In any case we have solved the problem by disabling batch sending of events, but at the cost of increasing the number of operations in redis and the resources of CPU and RAM that this implies ...

Any ideas?

I see the problem. You need a batch_timeout that is less than whatever the socket_timeout setting is.

We use a 3rd party library to handle the data transmission to and from Redis - it has a socket_timeout setting. I don't know if we explicitly set this when we create an instance of the 3rd party class.

Let me check.

In out system, udp and tcp socket timeout are 30 seconds.

Although what you say may be true, it does not correspond to what is happening.

In operation, our redis loads in a few minutes about 20000000 records.

The logstash agent correctly processes those 20 Million records without problems, either by ingesting them back into 10-in-10, 200 in 200, or 100K in 100K redis.
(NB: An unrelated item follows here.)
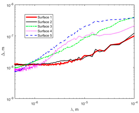 The differences might therefore be explained by how the structure of the surface changes as the scales are traversed. The spectrum of the surfaces is plotted in Figure 2 and Figure 3. A spectrum is a description of a signal’s (here a surface) amplitude at different harmonic scales, or wavelengths (frequency is the inverse of wavelength and defines the number of peaks per length). In this work, the spectrum was calculated using a fast Fourier transform. Here, the spectrums are plotted in two ways: first, the spectrums are plotted simply as the amplitude as a function of the wavelength (see Figure 2); next, they are plotted by normalizing the amplitudes of the Fourier series by the wavelength at each scale (see Figure 3). In previous literature, the aspect ratio (amplitude to wavelength ratio) has been assigned the symbol, B [17,53]. If B were constant across all scales, this indicates that a surface’s asperities (the peaks on a rough surface) have the same aspect ratio or shape across all scales. This structure would indicate a self-similar fractal surface. Figure 3 demonstrates that the normalized amplitude for each surface is divergent from each other for wavelengths exceeding 10−6 m and non-constant at all length scales. For most of the surfaces, the ratio B appears to increase as the scale (wavelength) decreases. Surface 5 does have a shoulder in the data spanning between the 300-nm and 10-µm wavelength, which you would expect in a self-similar structure.

The problem is that, when in the main key there are fewer items to send, the redis output plugin seems to be waiting for them to appear until they complete what is configured in batch_events

Thank you

It looks like our config setting of timeout is sent to the ruby Redis (3rd party) gem instance and if I am reading the code correctly this value is used everywhere a timeout can be set. The Redis gem creates subclasses of the standard ruby TCPSocket class and sets timeout in this subclass. Its quite difficult to trace whether the value used at this level of the code was derived from the value we passed in higher up in the call chain or is a default value - that is out value was ignored.
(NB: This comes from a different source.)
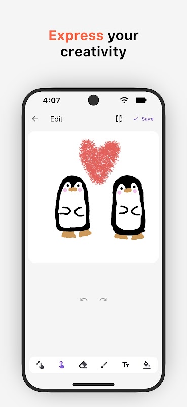 Beperk jezelf niet tot foto's! Laat uw creativiteit de vrije loop met onze ingebouwde tekenhulpmiddelen. Maak gepersonaliseerde tekeningen en deel ze met uw dierbaren, waardoor uw widgets een vleugje artistieke flair krijgen.

The only way at this minute is to try setting the redis output config batch_timeout to less than 5 seconds (our default timeout value) or explicitly set both...

batch_timeout => 5
timeout => 6
1 Like

seems that increasing timeout value to 10 system works.

Thx for support!

1 Like

Great.

Curious, what info guided your decision to use a value of 10 seconds for the buffer_timeout?

Hi guyboertje,

Better reviewing our ecosystem of agents (based on FileBeat) we realized that we had the variable multiline.max_lines = 1500, which in principle limits the number of lines of a composite trace to 1500.

Seeing that the timeout was jumping to us in logstash without using the batch configuration, we assumed that the failure occurred when trying to insert a single trace (a very large one).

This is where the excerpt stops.